# [EXERCISE AIM]
Would you repeat exactly the part of the listing below that runs from the line containing "宣講團成員龔華洋、武夢婷在國" down to the line containing "Толстовка пришла вместе", inclusive, and nothing else?

# [DATA EXTRACTS]

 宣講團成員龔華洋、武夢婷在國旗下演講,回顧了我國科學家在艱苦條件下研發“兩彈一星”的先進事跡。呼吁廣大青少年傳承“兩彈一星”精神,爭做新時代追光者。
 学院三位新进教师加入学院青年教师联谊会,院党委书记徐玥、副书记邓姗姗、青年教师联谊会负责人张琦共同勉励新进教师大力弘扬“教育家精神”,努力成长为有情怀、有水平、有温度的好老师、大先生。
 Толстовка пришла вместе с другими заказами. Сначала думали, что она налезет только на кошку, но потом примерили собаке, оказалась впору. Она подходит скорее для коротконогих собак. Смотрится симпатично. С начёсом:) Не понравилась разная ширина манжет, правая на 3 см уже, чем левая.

...

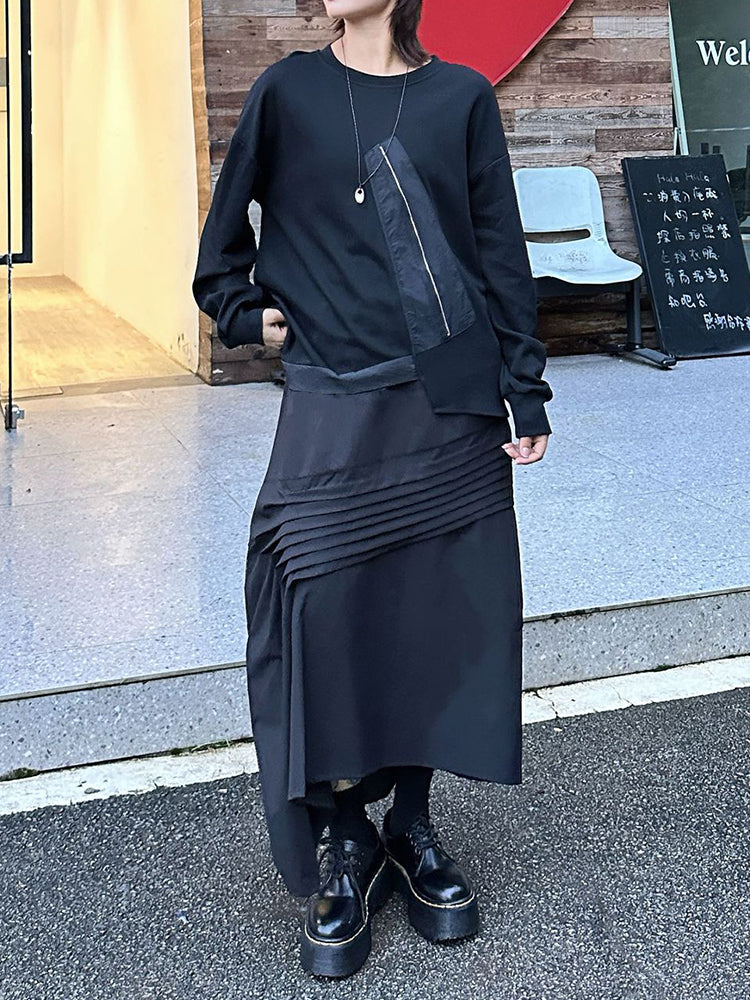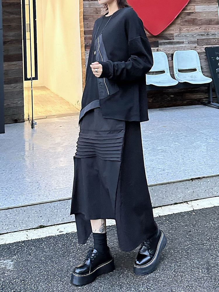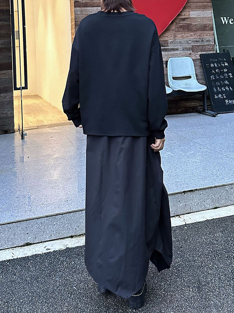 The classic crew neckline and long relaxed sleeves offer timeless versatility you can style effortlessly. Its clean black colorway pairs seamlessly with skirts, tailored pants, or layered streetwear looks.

# [RESPONSE TO THE TASK]
 宣講團成員龔華洋、武夢婷在國旗下演講,回顧了我國科學家在艱苦條件下研發“兩彈一星”的先進事跡。呼吁廣大青少年傳承“兩彈一星”精神,爭做新時代追光者。
 学院三位新进教师加入学院青年教师联谊会,院党委书记徐玥、副书记邓姗姗、青年教师联谊会负责人张琦共同勉励新进教师大力弘扬“教育家精神”,努力成长为有情怀、有水平、有温度的好老师、大先生。
 Толстовка пришла вместе с другими заказами. Сначала думали, что она налезет только на кошку, но потом примерили собаке, оказалась впору. Она подходит скорее для коротконогих собак. Смотрится симпатично. С начёсом:) Не понравилась разная ширина манжет, правая на 3 см уже, чем левая.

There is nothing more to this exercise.